Pourquoi la dette de la France ne sera jamais remboursée

Publié le par Aleth

 



Avez-vous déjà entendu parler de l'article 104 du Traité de Maastricht ? Si ce n'est pas le cas, vous feriez bien de vous y intéresser. Il est passé inaperçu dans les médias, et pourtant il ne date pas d'hier...

 

"Article 104

1. Il est interdit à la BCE et aux banques centrales des États membres, ci-après dénommées “banques centrales nationales”, d'accorder des découverts ou tout autre type de crédit aux institutions ou organes de la Communauté, aux administrations centrales, aux autorités régionales ou locales, aux autres autorités publiques, aux autres organismes ou entreprises publics des États membres; l'acquisition directe, auprès d'eux, par la BCE ou les banques centrales nationales, des instruments de leur dette est également interdite.
"


Cet article - datant de 1992, devenu l'article 123 du Traité de Lisbonne - stipule notamment que les Etats membres de la Communauté Européenne n'ont plus le droit d'emprunter auprès de leur banque centrale à taux 0, ce qui par conséquent les rend dépendants des banques, institutions financières privées.
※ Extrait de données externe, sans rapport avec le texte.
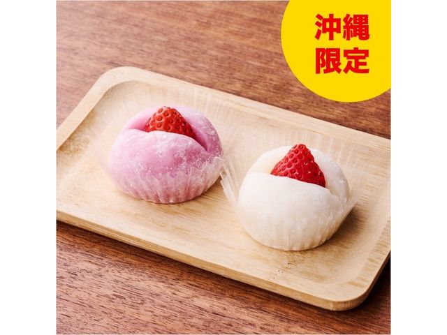 ミルククリームを包んだ大福(ピンク色)と、バニラクリームを包んだ大福(白色)の2種類の味が楽しめます。 沖縄で販売

Auparavant, les prêts accordés aux nations concernées n'étaient pas assujettis à l'intérêt, seul le montant net de l'emprunt était remboursé. Puis la nation seule se suffisait.

Depuis, les banksters ont pris le contrôle d'une grande partie de la "création monétaire", en accord avec les personnages politiques censés nous représenter, nous protéger, dans tous les sens du terme. L'argent créé ex nihilo par les banques - à hauteur de ~90% - dépend du coefficient des réserves obligatoires. Il s'agit donc, pour ~90% de la monnaie, de quelques octets dans une base informatique, ne reposant sur rien de concret. Ceci est l'une des causes à l'origine de la crise économico-financière qui n'a pour l'instant montré que le bout de son nez.
Résultat : les banques privées en question génèrent des profits colossaux grâce à nos impôts !!! Et la dette publique - qui représente une aubaine via les emprunts pour les créanciers privés - ne cesse de s'accroître inexorablement au fil du temps. Nota bene : cette arnaque n'est pas exclusive au Trésor Public. Le système est bien évidemment identique lors des souscriptions d'emprunt effectuées par les citoyens.

La France est surendettée et ce n'est rien de le dire. Si c'était une société privée, elle aurait déposé le bilan depuis fort longtemps. Donc, pour combler les trous dans les caisses, pour paraître cette grande, prospère et puissante nation qu'elle fut jadis, la France réclame aux banques privées des fonds, qu'elle obtient immédiatement, car l'affaire est juteuse pour les créanciers (hormis bons du Trésor/souscriptions d'obligations). Faute de pouvoir équilibrer la balance budgétaire année après année, elle doit emprunter à nouveau. Primo pour faire fonctionner, faire "vivre" le pays. Secundo pour rembourser le montant du précédent prêt. Tertio pour rembourser les intérêts de ce dernier, d'un pourcentage indécent. Et ainsi de suite... C'est un cercle vicieux infernal ! Et cette arnaque engendre un effet inflationniste néfaste in fine. La main qui donne est au-dessus de celle qui reçoit, c'est mauvais signe (pour information la dette actuelle de la France correspond grosso modo à la somme totale des intérêts qu'elle doit rembourser aux institutions financières privées depuis 1973).

Evidemment, cet article figure dans le Traité de Lisbonne, ou dans le "Traité Simplifié" (*). Vous savez ce traité que nos représentants politiques désirent imposer coûte-que-coûte, qu'on le veuille ou non. Ils n'imaginent pas une seconde se débarasser d'une telle aubaine qui a profité durant des décennies aux petits copains des lobbies financiers. En aparté le Traité de Lisbonne, ou autrement dit la Constitution Européenne remixée - rejetée trois fois par les très rares pays ayant eu l'opportunité de donner leur opinion, une sorte de sondage en quelque sorte - est le "bébé" de Valéry Giscard d'Estaing.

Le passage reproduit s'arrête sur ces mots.